Von: Webmaster amMi, 20 Oktober 2004 15:29:51 +01:00
Zu den im ZDF-Magazin Frontal 21 erhobenen Vorwürfen zum Einsatz ehemaliger NVA-Schützenpanzer in der Türkei erklärt Winfried Nachtwei, stellvertretender Fraktionsvorsitzender und sicherheitspolitischer Sprecher:

Ausdrücklich falsch ist der Vorwurf des Frontal-21-Berichts, die Grünen hätten „vorsichtige Zustimmung“ zu Rüstungslieferungen in die Türkei geäußert und hätten sich weit von ihren früheren Positionen entfernt. Dieser Vorwurf ist eine reine Unterstellung.

Fakt ist: Die Position und die Maßstäbe der Grünen sind seit 1999 unverändert. Unser Handlungsrahmen sind die Rüstungsexportrichtlinien der Bundesregierung, die auf grünen Druck hin verschärft wurden. Fakt ist, dass der türkische Außenminister Gül klargemacht hat, dass die türkische Regierung nicht an einem Ankauf deutscher Leopard-Panzer interessiert ist. Fakt ist, dass es insgesamt erfreuliche rechtsstaatliche Fortschritte in der Türkei gibt. Fakt ist, dass dies selbstverständlich keinen Genehmigungsautomatismus für Rüstungsexporte zur Folge hat, sondern dass jeweils einzeln bei Anfragen zu überprüfen wäre, ob Fortschritte in der Menschenrechts- und der Kurdenfrage ausreichend und unumkehrbar sind. Die Bilder von Frontal 21 verstärken allerdings Zweifel daran, ob diese Fortschritte ausreichend sind. Die Anerkennung der kurdischen Realität setzt Dialog und das Ende jeder Gewalt voraus.

Das ZDF-Magazin Frontal 21 hat Filmaufnahmen vom Einsatz ehemaliger NVA-Schützenpanzer in der Provinz Sirnak und von umfassenden Menschenrechtsverletzungen dort ausgestrahlt. Sollten sich die in dem Beitrag erhobenen Vorwürfe durch die Prüfung der Bundesregierung bestätigen, würde es sich in der Tat um einen massiven Verstoß gegen den deutsch-türkischen Vertrag von 1994 handeln, da dieser den Einsatz der Schützenpanzer ausdrücklich auf die Verwendung im Rahmen der Landesverteidigung begrenzt. Die Bundesregierung müsste in diesem Falle bei der türkischen Regierung Protest gegen den Vertragsbruch einlegen.
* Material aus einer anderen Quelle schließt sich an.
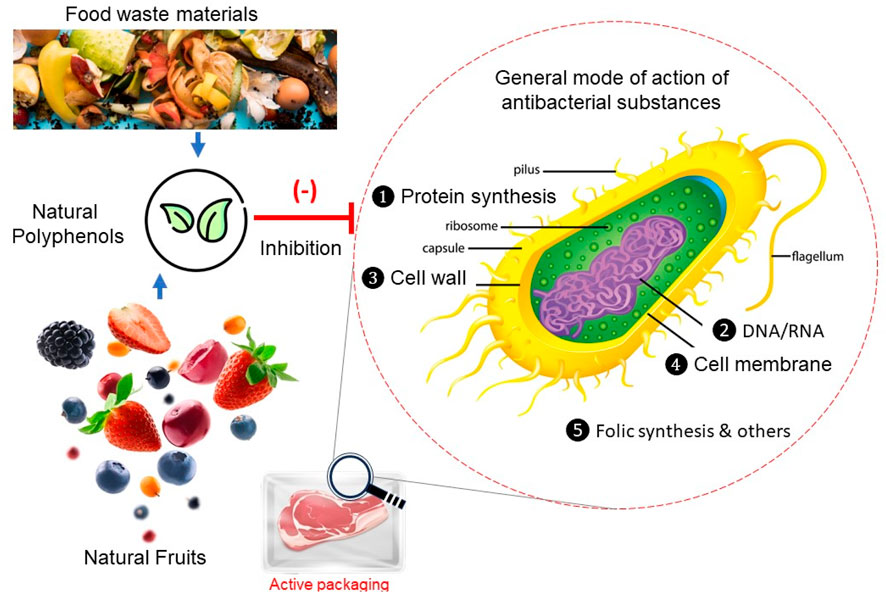 Figure 4. Natural and food-waste-based antimicrobial active packaging: (1) inhibition of protein synthesis; (2) nucleic acid synthesis; (3) interference with cell wall synthesis; (4) interference with cell membrane synthesis; (5) impeding folic acid synthesis and other mechanisms.

Ein vertragswidriger Einsatz der Schützenpanzer würde bedeuten, dass deutsche Rüstungslieferungen in die Türkei für die Zukunft ausgeschlossen wären, denn deutsche Rüstungslieferungen – so die Rüstungsexportrichtlinien der Bundesregierung – dürfen nicht zu systematischen Menschenrechtsverletzungen, inneren Repressionen und Spannungsförderung eingesetzt werden.